Os exames demissionais continuam obrigatórios, sendo dispensado apenas se houver periódico realizado há menos de 180 dias.

Postergação do recolhimento do FGTS (Artigos 19 a 25 da MP 927/2020)

Fundo de Garantia do Tempo de Serviço (FGTS) é um fundo criado com o objetivo de proteger o trabalhador que for demitido sem justa causa, sendo obrigação dos empregadores depositam em contas abertas na Caixa Econômica Federal, no início de cada mês e em nome dos empregados, o valor correspondente a um percentual do salário bruto de cada funcionário. Geralmente 8% para o trabalhador regular.

A MP postergou a obrigatoriedade de recolhimento do FGTS das competências março, abril e maio de 2020 para o mês de julho de 2020, sendo que os valores devidos poderão ser pagos em 6 parcelas mensais, sendo a primeira parcela em julho de 2020, com vencimento todo dia 07 de cada mês.

Em ocorrendo a rescisão do contrato de trabalho, as parcelas ainda não recolhidas deverão ser pagas sem a incidência de multa e juros, juntamente com o depósito do FGTS relativo à rescisão.

Outras Disposições (Artigos 28 a 36 da MP 927/2020)

⦁ a.           Suspensão, durante o prazo de 180 dias contados a partir de 22/03/2020, dos prazos processuais para apresentação de defesa e recursos em processos administrativos (autos de infração) de natureza trabalhista e notificações de débitos de FGTS (Art. 28).

⦁ b.           Os casos de contaminação de Coronavírus, salvo efetiva comprovação do nexo causal, não serão considerados de natureza ocupacional.

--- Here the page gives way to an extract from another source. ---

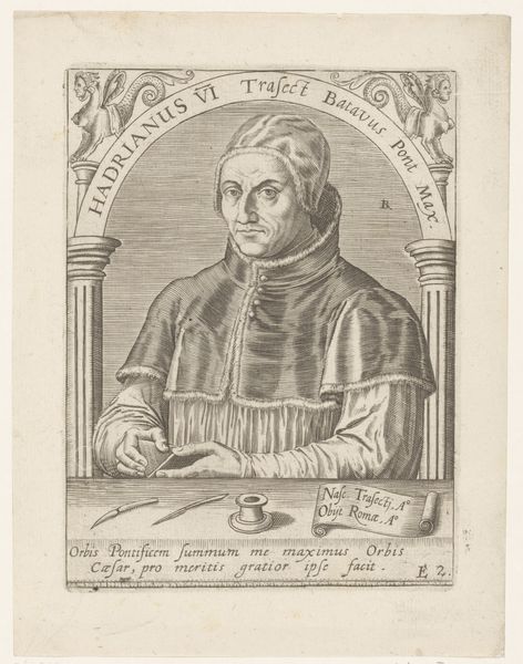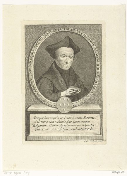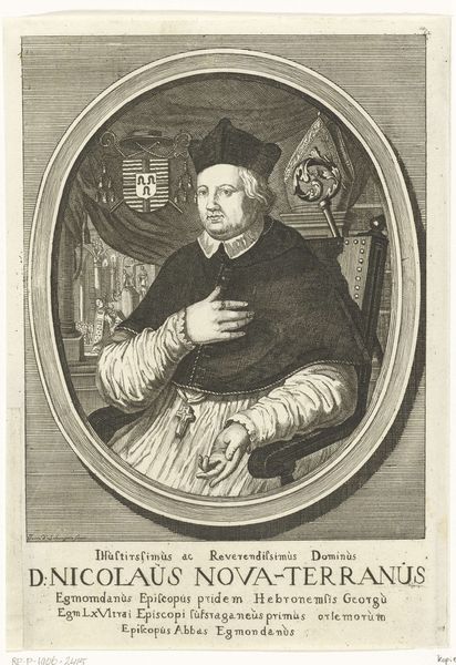 Editor: This is an engraving titled "Portret van kardinaal Niccolò Fortiguerra" by Gaetano Vascellini, created sometime between 1755 and 1805. It strikes me as very formal and classical. What's your read on it? Curator: Oh, it certainly has that poised formality, doesn’t it? It’s interesting how the stark lines of the engraving, coupled with the subject’s serious gaze, evoke a sense of power and authority, but with a certain introspective vulnerability, almost. Have you ever felt the weight of history pressing down on you just by looking at someone's face? This print captures that perfectly for me. Editor: Introspective vulnerability? That's not quite what I got. The symbols of the cross and cardinal attire made me see authority first. Is it the details in the face that bring you to that conclusion? Curator: Precisely! It's in the subtle lines around his eyes, perhaps, and the slight downturn of his lips. Makes you wonder what inner turmoil, doubts, or reflections simmered beneath the surface of that prominent position. These portraits, for me, are more than just depictions. They're ghosts whispering stories. It feels almost like getting to rummage through the attic of the past, wouldn't you agree? Editor: I think I'm beginning to see what you mean about the subtleties. Considering how meticulously detailed engravings were, you’d have to consciously decide to include those elements, right? Curator: Absolutely. There’s intention, reflection, and a quiet story waiting to be unfolded, not just in what’s boldly displayed, but what’s artfully hidden. You begin to look deeper, and that’s where the fun really starts! Editor: This makes me think about portraits completely differently. Thanks! Curator: My pleasure. Always lovely to peel back the layers together!
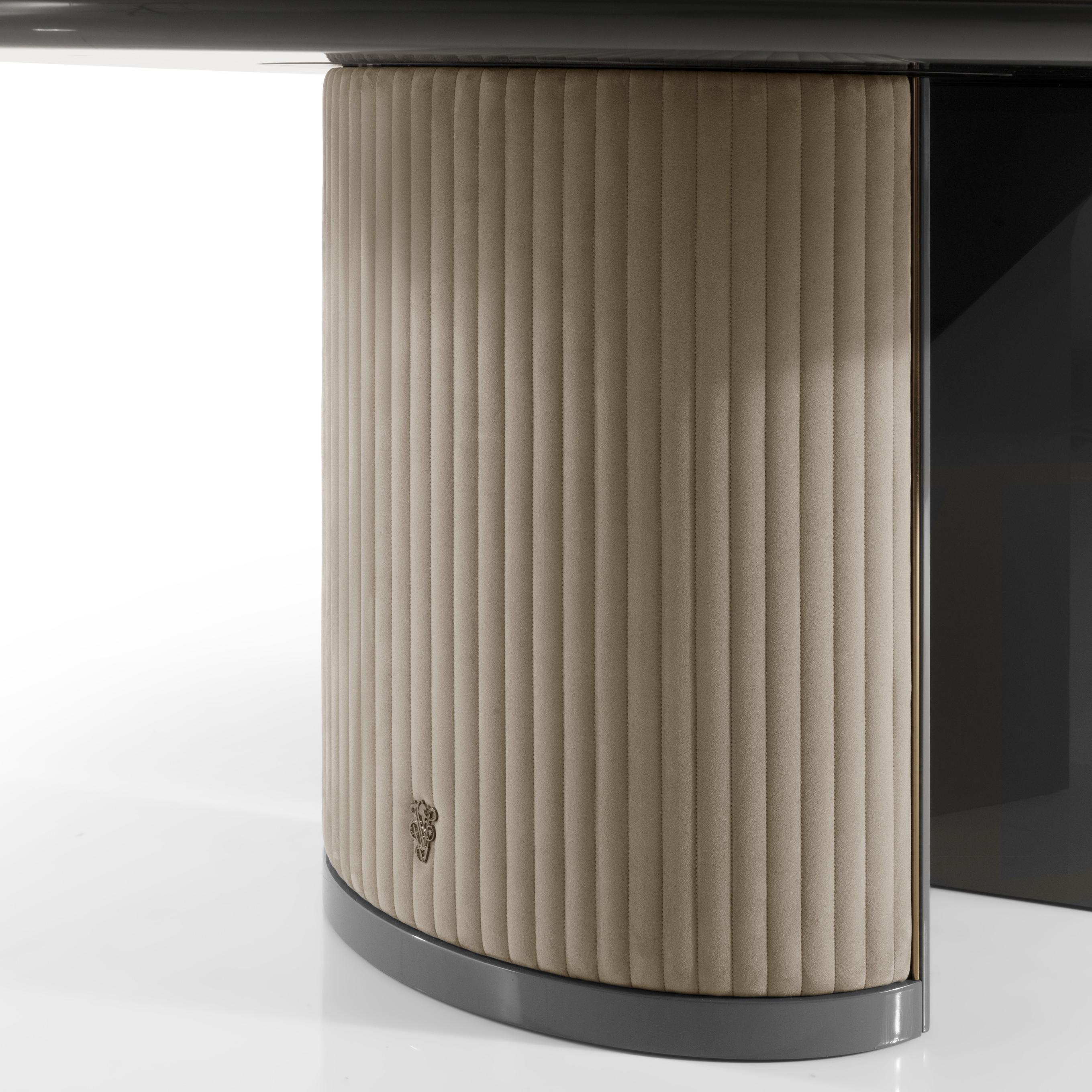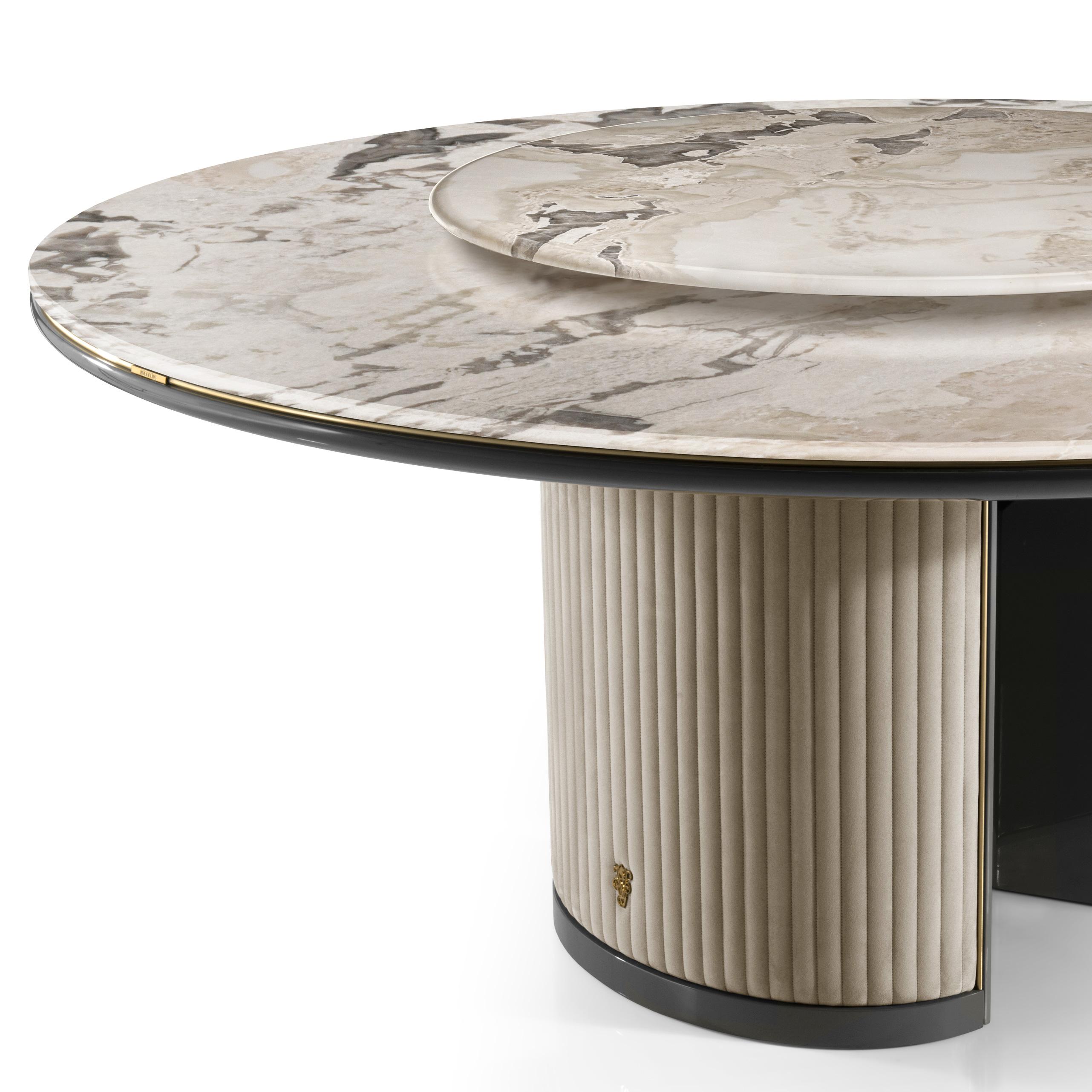 Dining table with polished marble top and shaped edge, lacquered wooden under-top with metal profile and decorative chromed brass buckles featuring an engraved logo. The base consists of two faceted supports upholstered in fluted quilted leather or fabric. Marble Lazy Susan placed on top. Metal parts available in satin finishes.

⦁ c.            As Convenções Coletivas de Trabalho e os Acordos Coletivos de Trabalho vencidos ou vincendos no prazo de 180 dias poderão ser prorrogados a critério do empregador pelo prazo de 90 dias, contados do final do prazo de validade.

⦁ d.           Salvo situações estritas, os Auditores do Trabalho atuarão de maneira orientadora.

⦁ e.           A Medida Provisória também se aplica, no que couber, ao Trabalho Temporário (Lei nº 6.019, de 3 de janeiro de 1974), ao Trabalho Rural (Lei nº 5.889, de 8 de junho de 1973) e ao Trabalho Doméstico (Lei Complementar nº 150, de 1º de junho de 2015).

⦁ f.            As medidas trabalhistas adotadas no período de 30 (trinta) dias anteriores à Medida Provisória, desde que não contraditórias, ficam convalidadas.

Obs.: Quanto ao artigo 18 da MP n.º 927/2020, que versava sobre a possibilidade de suspensão dos contratos de trabalho vigentes por até 4 meses, para os setores mais afetados pela crise decorrente da pandemia, cumpre-nos informar que este artigo foi revogado pelo Presidente da República nesta data (23).
 
Como se trata de uma Medida Provisória, o texto, com os outros pontos que não foram revogados, passa a valer imediatamente e as medidas trabalhistas podem ser aplicadas pelos empregadores, mas ainda precisa ser aprovado pelo Congresso Nacional no prazo de até 120 dias para não perder a validade. O Governo Federal defende a proposta como forma de evitar demissões em massa.

Entendemos que a referida medida se trata de importante mecanismo que permite as partes, empregador e empregado, por meio de um acordo individual de trabalho, estabelecer regras para flexibilização do contrato de trabalho durante a crise decorrente da propagação do novo coronavírus (Covid-19).

Na manhã desta segunda-feira (23), o secretário especial da Previdência e Trabalho, Bruno Bianco, afirmou que uma próxima Medida Provisória, com vigência imediata, vai prever a possibilidade de antecipação do seguro-desemprego em casos de suspensão do contrato ou redução de jornada e salário.

Assim, certo é também que diversas medidas estão sendo tomadas, tanto pelo Governo Federal, quanto por alguns setores da economia, para que esse impacto seja minorado tanto quanto possível.

Ademais, novas medidas podem e devem ser tomadas ao longo os próximos dias para alcançar a estabilidade da economia.